Mr. Heaton uses the Wedding at Cana to show his parishioners that the sacred love of marriage turns water, an uninspired substance, into a heady wine, which he sees as a symbol of the Holy Ghost. Through the bond of matrimony, human beings experience their bond with divine love.

How do you defend the reference to this biblical passage in a house where there is little marital love and where drink leads to domestic brutality rather than bliss?

Mrs. Morel cynically believes the young preacher has such lofty notions about marriage because his own wife died early. The Heatons never had a chance to get to know and hate each other, as the Morels have.

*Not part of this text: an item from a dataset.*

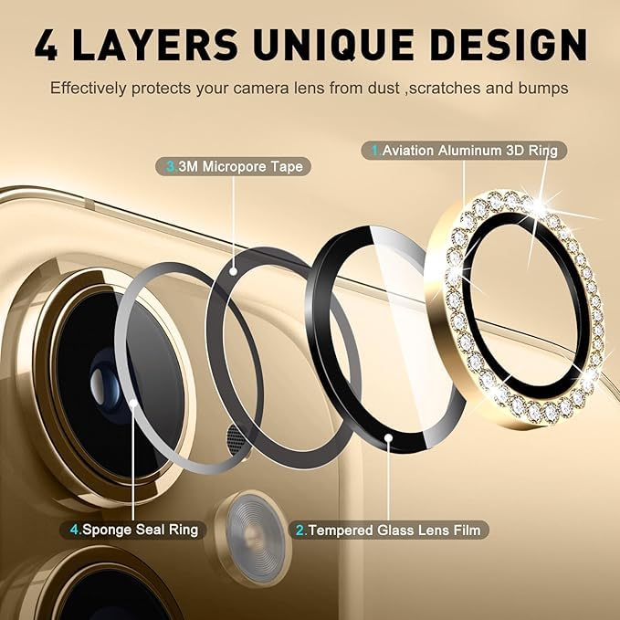 - 【تصميم لامع】تتميز واقيات العدسات هذه ببريق يشبه الماس يبهر في أي ضوء. يجسد مزيج الملمس المعدني اللامع والنمط الرائع الجمع بين التكنولوجيا والأزياء، مما يضمن تميز موبايلك بين أي حشد. مع 8 ألوان كلاسيكية، يمكنك اختيار نفس لون هاتفك أو تجربة تركيبات مختلفة لتزيين هاتفك.

Mr. Morel unexpectedly bursts in on this deep conversation. Like a bull in a china shop, he upsets both the talk and the beautifully laid tea setting. Walter is hostile toward Mr. Heaton, who, unlike himself, reaches Gertrude's heart and mind. He goads the young preacher, with his clean starched collar and refined hands, to touch his grubby mining clothes. Walter declaims on the nobility of plain, honest work and also tries to make the preacher feel sorry for his unhappy, thankless lot in life. Gertrude is embarrassed and angered by Morel's crudity and self-pity. Is Morel acting like a small child having a temper tantrum for the sake of adult attention? Do you think his actions are justified?

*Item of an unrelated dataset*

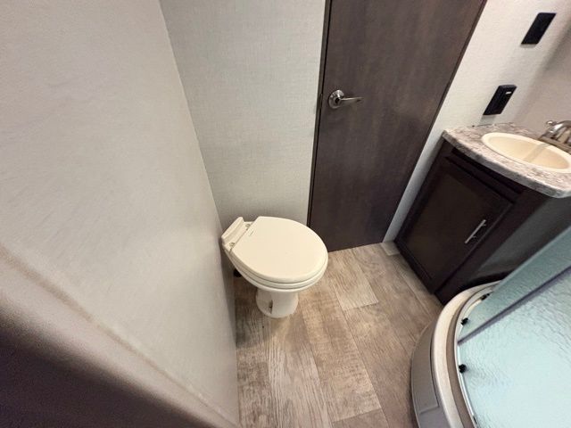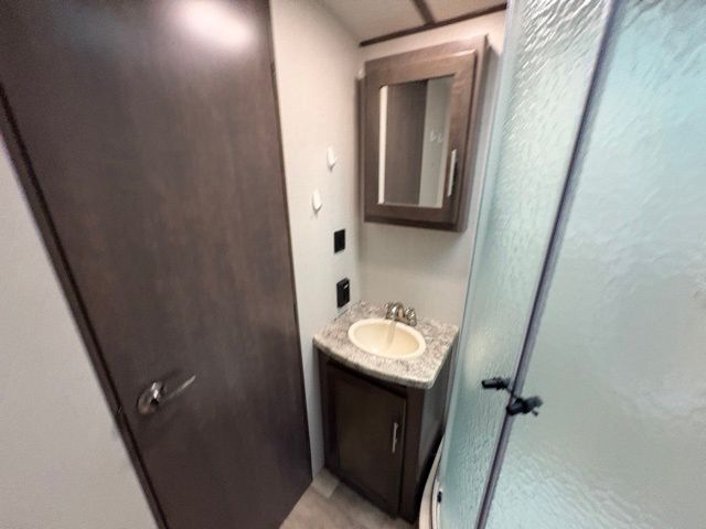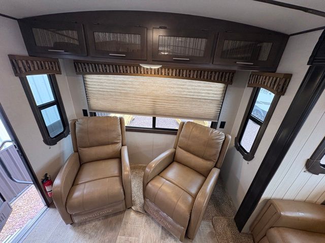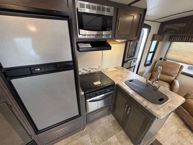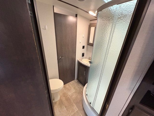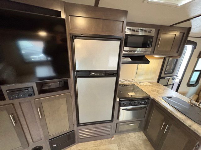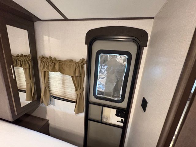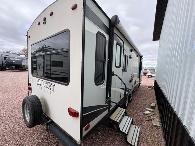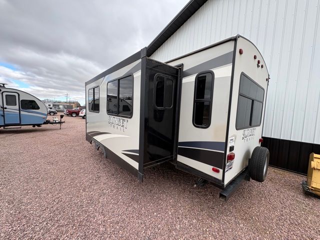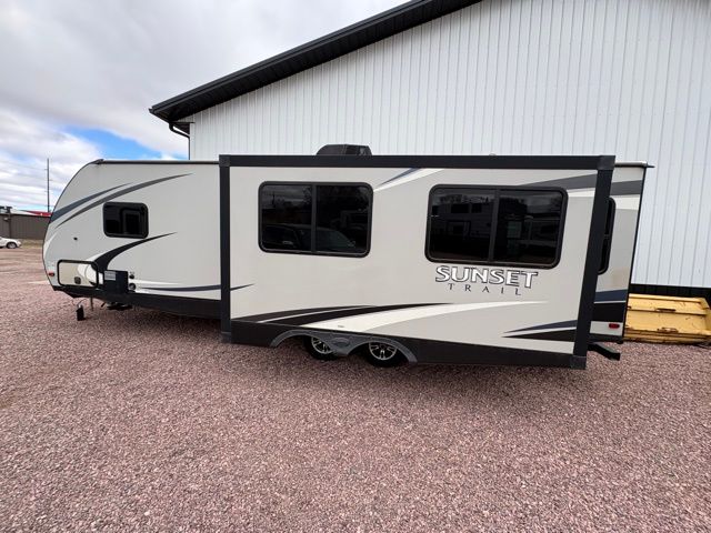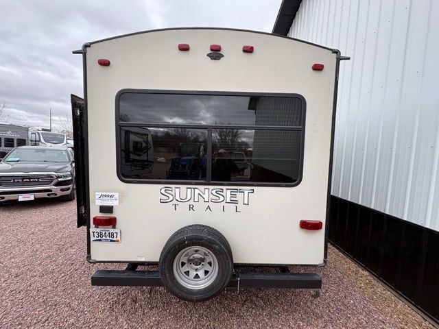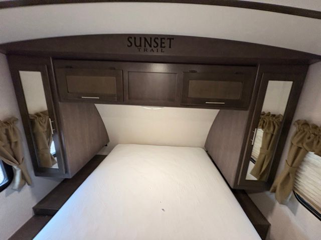 Because of its updated and comfortable style, this Sunset Trail Super Lite travel trailer is the perfect addition to your family's next road trip. With a large bedroom wardrobe and an exterior pass-through storage area with motion-activated LED lights, this trailer gives you the ability to bring along all of your luggage needs, and with enough room to sleep five people, it also gives you the ability to bring along all of your family. The front, private bedroom has been turned into a luxury escape because of its own bathroom and exterior entrances.

Once again, the frustrated Gertrude finds solace and strength in nature. She takes Annie and the baby out for a walk. The fiery sunset and the peaceful stillness of the countryside, full of flowers and trees, make her problems with her husband seem miles away.

NOTE: In Sons and Lovers nature often makes the characters' everyday, individual problems seem small and insignificant. How petty squabbles can seem when you're looking at an awesome sunset or a beautiful landscape! Nature also reflects the characters' emotions. For example, Gertrude's anger when she walks out of her home is reflected by the fiery sunset.

Gertrude muses whether her new son will be like the biblical Joseph and deliver his family from their economic and emotional famine. She holds the baby up to the sun, as if to give it the elemental heat and energy of life. A sad, guilty feeling creeps over her, as she remembers not wanting this child. Gertrude vows she'll make up for that by nurturing and loving him with all her might. She worries, too, that the baby might feel she didn't want him. Suddenly, Gertrude decides to name the baby Paul, after her father's favorite disciple.

NOTE: Paul was one of the twelve apostles and was most noted for his asceticism and his missionary spirit. You'll have to wait to see if Paul Morel turns out anything like his biblical namesake.

Morel continues his old pattern of drinking and lashing out at his family. One evening he hurls the silverware drawer at his wife and injures her. Blood from her cut drips down onto little Paul and soaks into his scalp. Why do you think D. H. Lawrence created that incident?

Morel is ashamed of himself for harming Gertrude. However, like many people, Morel then just drinks more to forget his inadequacies instead of trying to do something about them. Haven't you noticed that feeling bad about yourself can sometimes make you crueler rather than kinder?

When Morel throws the drawer at his wife, he deepens the gap not only between husband and wife, but also between father and family. How would you feel growing up with a father who might start lashing out at you without the slightest provocation? Most likely you'd stay clear of him and cling to the more stable parent in your family, just as the Morel children cling to their mother.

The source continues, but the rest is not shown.